Yeah, and the city gives you roads and sewers and the nice electric and gas companies run services out just to get your business and the EPA eats the cost of endangered species surveys and… Get it? This isn’t about houses per acre this is about everything that goes along with houses; schools, fire stations, offramps, etc.

 
Comment by crispy&cole
2006-02-27 12:22:49

Thats correct Robert.

 
Comment by Nicholas Weaver
2006-02-27 12:48:06

But a lot of the stuff is actually paid for by the builder, not the city these days, and with Mello Roos and similar games, the builder & city can stick a lot of the costs to the homeowners down the line…

As long as people are willing to commute to 2 hours to have their 3000 sq foot homes, you will see more developments in the central valley, and the builders will still be able to make (at least some) money off of em.

 
Comment by SD_suntaxed
2006-02-27 13:09:45

They’ll stick it to you, and the bigger builders are better able to handle the costs. A friend used to subdivide small parcels in the Valley and is no longer doing this because of all the other increased costs and required improvements. The dirt isn’t the expensive part, even if it looks like such a deal compared to SoCal.

Maybe the city or county will let you subdivide, maybe not. Many of those land deals are just looking for greater fools.

 
Comment by Robert Cote
2006-02-27 13:47:19

Builders don’t pay for anything. ALL costs are passed through.

 
 
 
 
 
Comment by Rich
2006-02-27 11:01:57

Isn’t this “soft landing”/”buyers market” crap getting annoying.

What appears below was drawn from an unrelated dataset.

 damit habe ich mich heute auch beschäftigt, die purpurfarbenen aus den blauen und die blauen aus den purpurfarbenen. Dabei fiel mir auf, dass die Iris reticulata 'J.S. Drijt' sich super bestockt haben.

It is insane to refer to this time as a “buyers market”, hell we are just at or passing the peak prices of RE. How the hell can they (with a straight face) say buying a home at the most expensive time ever is a “buyers market”?

Really sick of the damn media and Gov lying to us in order to have us spread our legs for their swift repeated kicks to the our nuts.

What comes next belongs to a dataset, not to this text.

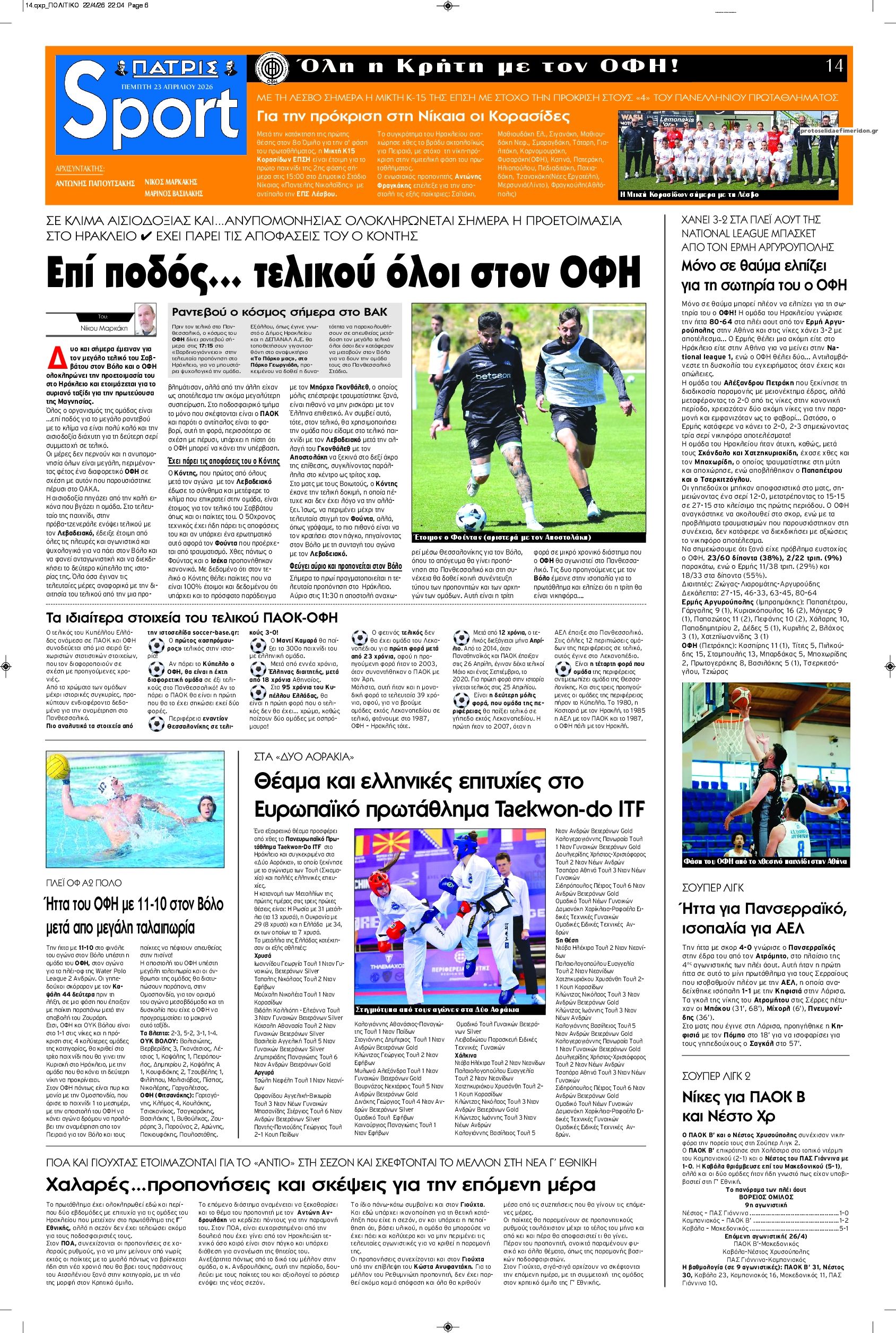Οι αθλητικές εφημερίδες 23/4/2026 Enikos Newsroom 05:43, Πέμπτη 23 Απριλίου 2026 Media & Τηλεοπτικά Νέα Διαβάστε τα πρωτοσέλιδα από τις αθλητικές εφημερίδες, σήμερα 23/4/2026. ΑΘΛΗΤΙΚΕΣ ΕΦΗΜΕΡΙΔΕΣ ΕΦΗΜΕΡΙΔΕΣ ΠΡΩΤΟΣΕΛΙΔΑ Μοιράσου το: Coppa Italia: Η Λάτσιο απέκλεισε στα πέναλτι την «αυτοκτονική» Αταλάντα και προκρίθηκε στον τελικό Με πρωταγωνιστή τον ασταμάτητο Χάρι Κέιν η Μπάγερν έκλεισε θέση στον τελικό του Κυπέλλου Γερμανίας – Δείτε τα highlights Premier League: Η Σίτι έκανε το πρώτο βήμα για τον τίτλο νικώντας 0-1 την Μπέρνλι – Δείτε τα αποτελέσματα και τη βαθμολογία σχολίασε κι εσύ (0 σχόλια) Ακολουθήστε το Enikos στο Google News και μάθετε πρώτοι όλες τις ειδήσεις Δείτε όλες τις τελευταίες ειδήσεις από την Ελλάδα και τον Κόσμο στο enikos.gr Ειδήσεις Ροή Ειδήσεων 8 ώρες πριν Γυναικοκτονία στο Ηράκλειο: Ο 40χρονος εκτέλεσε την Ελευθερία χωρίς καν να της μιλήσει με 9άρι πιστόλι – Το χρονικό της τραγωδίας 8 ώρες πριν Άγιος Δημήτριος: Τραύμα από μαχαίρι κοντά στην καρδιά φέρει ο 25χρονος που εντοπίστηκε νεκρός – Ήταν γιος αξιωματικού της ΕΛΑΣ 8 ώρες πριν Τραμπ: Αντιμέτωπος με την προθεσμία των «60 ημερών» για τον πόλεμο στο Ιράν – Οι 3 επιλογές του και γιατί μπορεί να αγνοήσει το Κογκρέσο 23 ώρες πριν LIVE – 54η ημέρα πολέμου ΗΠΑ – Ισραήλ με Ιράν – Όλες οι εξελίξεις στη Μέση Ανατολή 10 ώρες πριν Κωστής Χατζηδάκης στον ANT1 για τα μέτρα: «Η κυβέρνηση εξαντλεί τα περιθώρια στήριξης για πολίτες και επιχειρήσεις» – ΒΙΝΤΕΟ 38 λεπτά πριν Οπτική ψευδαίσθηση: Μόνο το 1% των ανθρώπων θα βρει το φίδι σε 13 δευτερόλεπτα 53 λεπτά πριν Χρόνιες παθήσεις: Η καθημερινή συνήθεια που μπορεί να μειώσει τον κίνδυνο, σύμφωνα με μελέτη 4 ώρες πριν Ζώδια 23/4: Ημερήσιες προβλέψεις – Υδροχόοι, θα έχετε πολλές νέες ιδέες και το φλερτ θα σας βγαίνει πιο εύκολα 9 ώρες πριν Ύπνος: Ποια είναι η καλύτερη ώρα για τη λήψη μαγνησίου, σύμφωνα με ειδικούς 3 λεπτά πριν ΟΗΕ: Η Λιβύη βρίσκεται σε κρίσιμο σταυροδρόμι – Ξεκάθαρη θέση της Ελλάδας υπέρ του οδικού χάρτη 18 λεπτά πριν ΔΕΔΔΗΕ: Διακοπές ρεύματος σήμερα (23/4) στην Αθήνα και σε άλλες 9 περιοχές της Αττικής 32 λεπτά πριν Το Ιράν είναι έτοιμο να παίξει στο Μουντιάλ, ενώ ο ειδικός απεσταλμένος του Τραμπ προτείνει την αντικατάσταση του με την Ιταλία 38 λεπτά πριν Οπτική ψευδαίσθηση: Μόνο το 1% των ανθρώπων θα βρει το φίδι σε 13 δευτερόλεπτα 53 λεπτά πριν Χρόνιες παθήσεις: Η καθημερινή συνήθεια που μπορεί να μειώσει τον κίνδυνο, σύμφωνα με μελέτη ENIKOS NETWORK 7 σημάδια ότι η φιλία σας δεν θα αντέξει στον χρόνο Νέο κτηριακό συγκρότημα στο «Αττικόν» με δωρεά του Ιδρύματος Σταύρος Νιάρχος Θετικό το α’ τρίμηνο του 2026 για τα ξενοδοχεία της Αθήνας – «Επιβράδυνση» τον Μάρτιο Boυλή: Στην Ολομέλεια το νομοσχέδιο για την απλούστευση του πλαισίου άσκησης οικονομικών δραστηριοτήτων – Όλα όσα προβλέπει Saildrone Spectre: Ο αθόρυβος κυνηγός υποβρυχίων που θα μπορούσε να αλλάξει το μέλλον του ναυτικού πολέμου Κουίζ: Πόσο καλά θυμάσαι την ελληνική μυθολογία; Μπορείς να απαντήσεις σωστά και στις 3 ερωτήσεις; περισσότερα 23:07 , Τετάρτη 22 Απριλίου 2026 Το Σπίτι Δίπλα Στο Ποτάμι: Μια απρόσμενη επίσκεψη ταράζει την Μελισσάνθη Η Πολυξένη αποφεύγει τον Ηλία και η Μαγδαληνή σκέφτεται να συνεργαστεί με τον Οδυσσέα στο νέο ... 16:18 , Τετάρτη 22 Απριλίου 2026 Θοδωρής Κυριακού: Συναντήθηκε με τον Σέρτζιο Ματαρέλα στη Ρώμη – Η Ευρώπη και τα σχέδια ανάπτυξης της GEDI και της La Repubblica στο επίκεντρο της συζήτησης Ο Πρόεδρος του Ομίλου Antenna, Θοδωρής Κυριακού

Don’t mean to go political, but I now believe that those in power are truely trying to crush the government so another will take its place. There is no possible way out for our economy as long as the Gov insist on promissing (SSI, MedC, Drugs, Peace in Mid E., etc.) everything to everyone on borrowed money. Very soon our credit ticket is gonna get punched by the world (oil bourse) and the real pain will begin.

Makes me fear owning anything denominated in US dollars.

Do you guys think the foreign companies traded on out exchanges will avoid neg. effects from dollars collapse? Specifically Canadian/other foreign mining companies & foreign asian banks traded on our exchanges?

Comment by The Lingus
2006-02-27 11:07:53

Comment by Rich
2006-02-27 11:01:57

Don’t mean to go political, but I now believe that those in power are truely trying to crush the government so another will take its place. There is no possible way out for our economy as long as the Gov insist on promissing (SSI, MedC, Drugs, Peace in Mid E., etc.) everything to everyone on borrowed money. Very soon our credit ticket is gonna get punched by the world (oil bourse) and the real pain will begin.

Keep raiding the treasury in the name of “tax cuts” and see the result?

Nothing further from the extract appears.